Re: 2010/2011 UML In-Season Thread II
Indeed, this team needs to play either a CCHA or WCHA team once/year. Playing ECAC, Atlantic Hockey, or ALA-HSV isn't going to help the strength of schedule or help us get to that next level.
The current RPI would disagree with you.
Yale, #2 in PRI, SOS rank #27.
Boston College, #3 in RPI, SOS rank #28.
Union, #4 in RPI, SOS rank #37.
Merrimack, #7 RPI, SOS rank #45.
UNH, #10 RPI, SOS rank #29.
RPI, #15 in RPI (but #13 in PWR), SOS rank #40.

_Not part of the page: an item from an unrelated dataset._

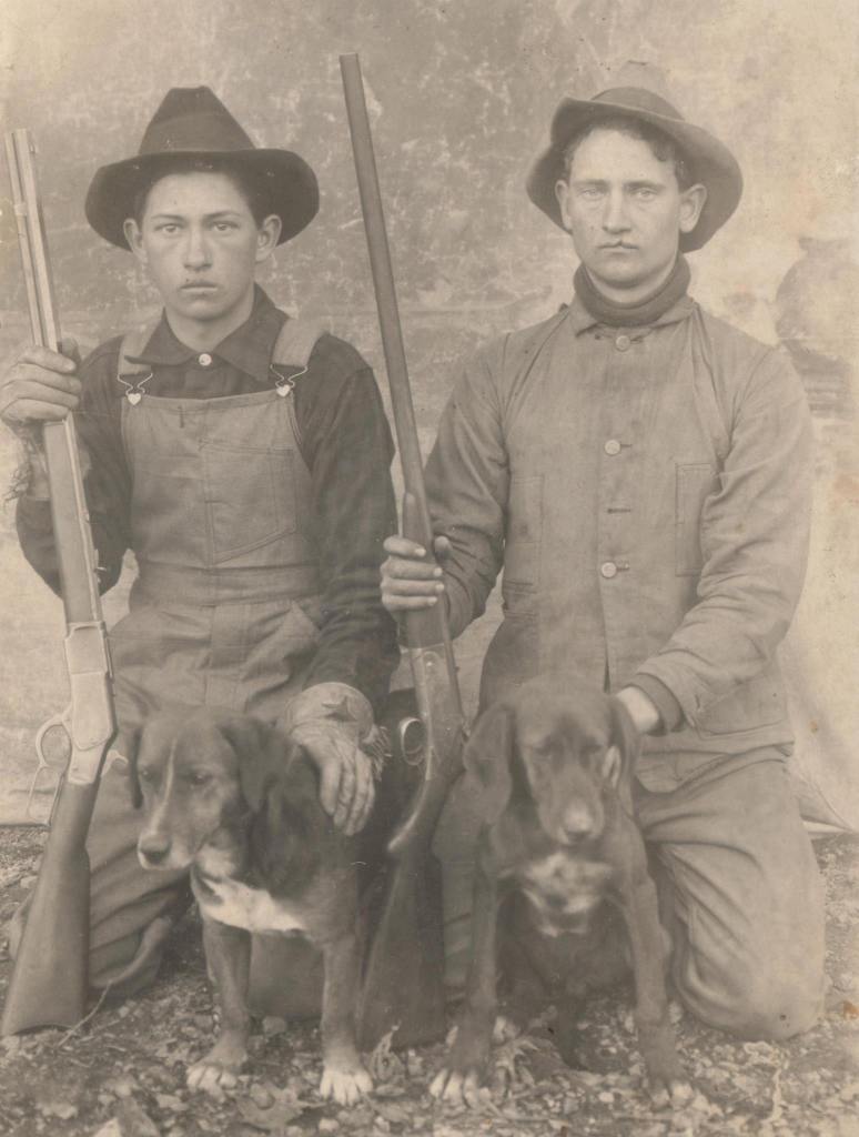 Probably taken in Polk County around 1910-1920. Colonel J. Standridge (name not title) was born on November 26, 1891, in Montgomery County, Arkansas (on the right with the work coat and slouch hat), and Jesse James Beck (July 21, 1897) poses on the left with the overalls. They were cousins. They have a pair of fine hunting dogs and are well-armed with a single-shot shotgun and a nice lever action rifle. JJ wears a nice pair of gloves with a star on the wrist. Standridge served during World War I as a private. In the 1920 US Census, they are boarders in the home of Tom & Faydeta Spake in Big Fork, Polk County, and work at the sawmill. Image Source: Ancestry.com.

Dartmouth, #16 in RPI, SOS rank #25.
All those teams have winning percentages .600 or above.
So one third of the top 20 teams have a schedule rank of #25 or below. Five of those teams will probably make the NCAAs this year, maybe more. Make the schedule you can make, and win the games you schedule, and a team will do OK for itself. Strength of Schedule is there to help compare teams with winning records to one another, to properly weight wins against good teams more than wins against bad ones.
NoDak, currently #1 in RPI and #2 in PWR, has the #1 SOS rank.

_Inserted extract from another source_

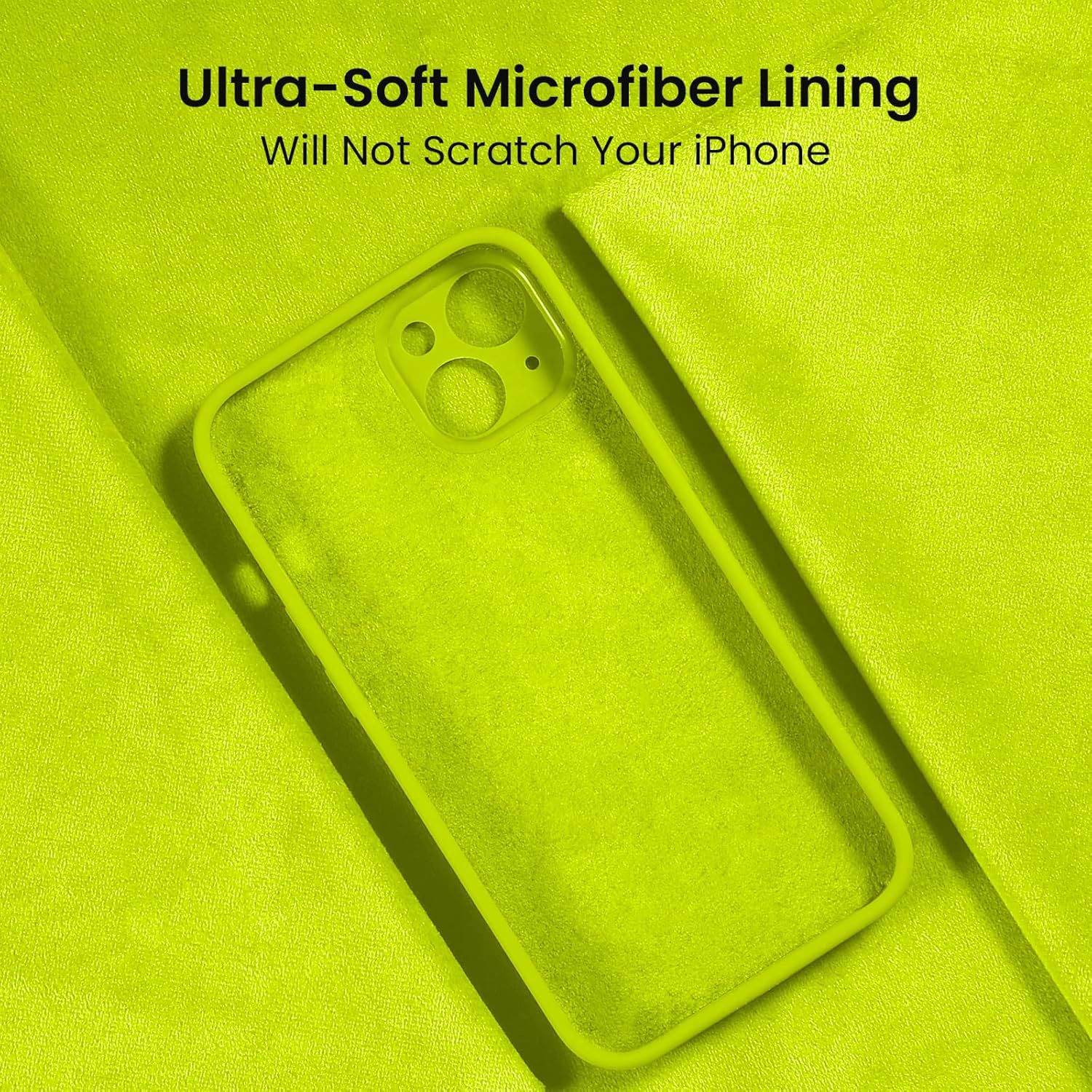 FireNova Designed for iPhone 14 Case, Silicone Upgraded [Camera Protection] Phone Case with [2 Screen Protectors], Soft Anti-Scratch Microfiber Lining Inside, 6.1 inch, Fluorescent Green
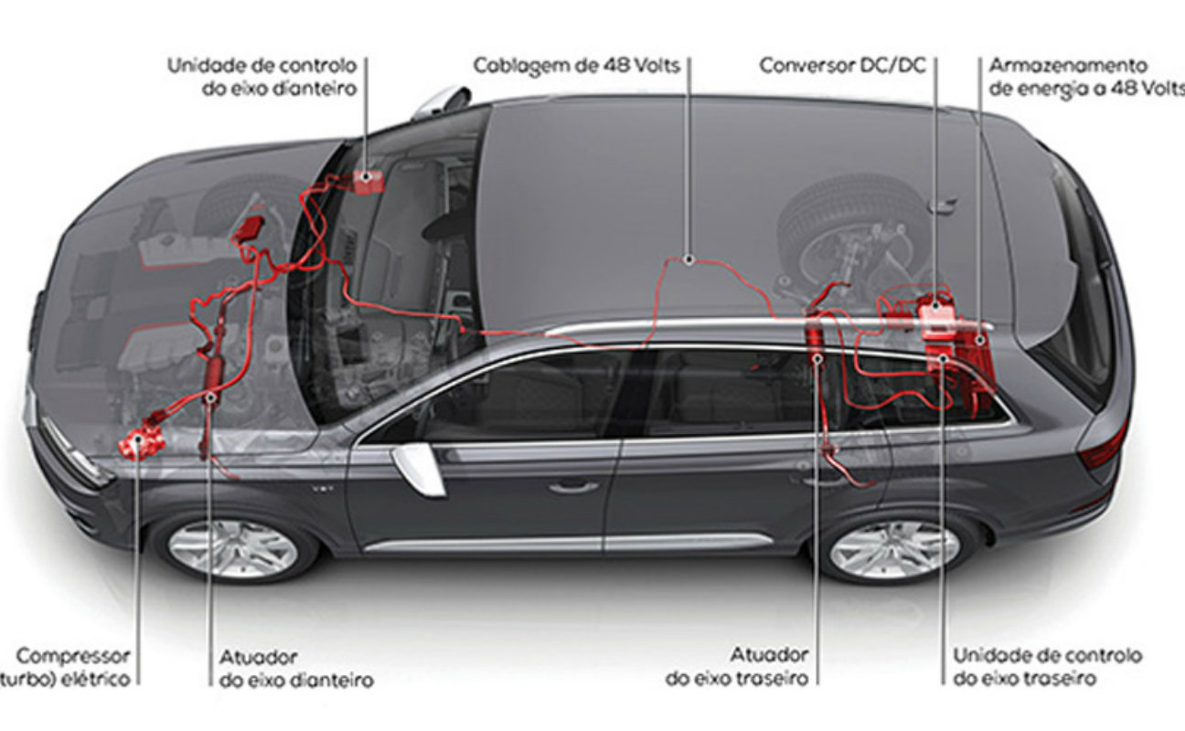 Em termos práticos é impossível alcançar potências elevadas se trabalharmos com tensões reduzidas uma vez que obriga a usar cabos mais grossos para manter a resistência elétrica e a queda de tensão ao longo da rede para valores aceitáveis. Ao escolhermos 48 volts elegemos uma boa combinação entre o benefício de ter uma potência elétrica maior e uma segurança que não põe em perigo as pessoas, nomeadamente ao nível da assistência. Por exemplo, uma rede de 60 volts já requer cuidados suplementares para evitar eletrocussões. Com este aumento de potência também é possível usar sistemas híbridos com maior autonomia elétrica, bem como outros órgãos que permitem melhorar o comportamento do automóvel e o seu desempenho do ponto de vista ambiental. A barra estabilizadora ativa é um exemplo paradigmático, pois até agora tem-se recorrido a uma variedade enorme de sistemas para controlar o rolamento da carroçaria. O primeiro foi estreado no Série 5 da BMW, seguido de muitos outros. A barra estabilizadora ativa elétrica, alimentada pela rede de 48 volts, realiza a mesma função de forma mais rápida, ao mesmo tempo que consome muito menos energia. Os primeiros modelos a terem um sistema destes foram o Bentley Bentayga e o Audi SQ7, que partilham a mesma plataforma.

Alaska-Anchorage, currently #26 in RPI and PWR, has the #2 SOS rank. And a winning percentage of .420.
If you don't win, it's irrelevant. In fact, it can actually hurt you. BU and UNH are both ahead of Merrimack in Hockey East, but ranked lower in PWR. BU lost to Brown (and tied them) and lost to RPI and tied Notre Dame.
UNH lost to Miami and St. Lawrence, tied Michigan, and tied Brown.
Merrimack's OOC schedule was not strong, but they ran the table. There are enough TUCs in the league to help you gain a good ranking if you post a winning record.
I guess the moral of the story is.. don't schedule Brown.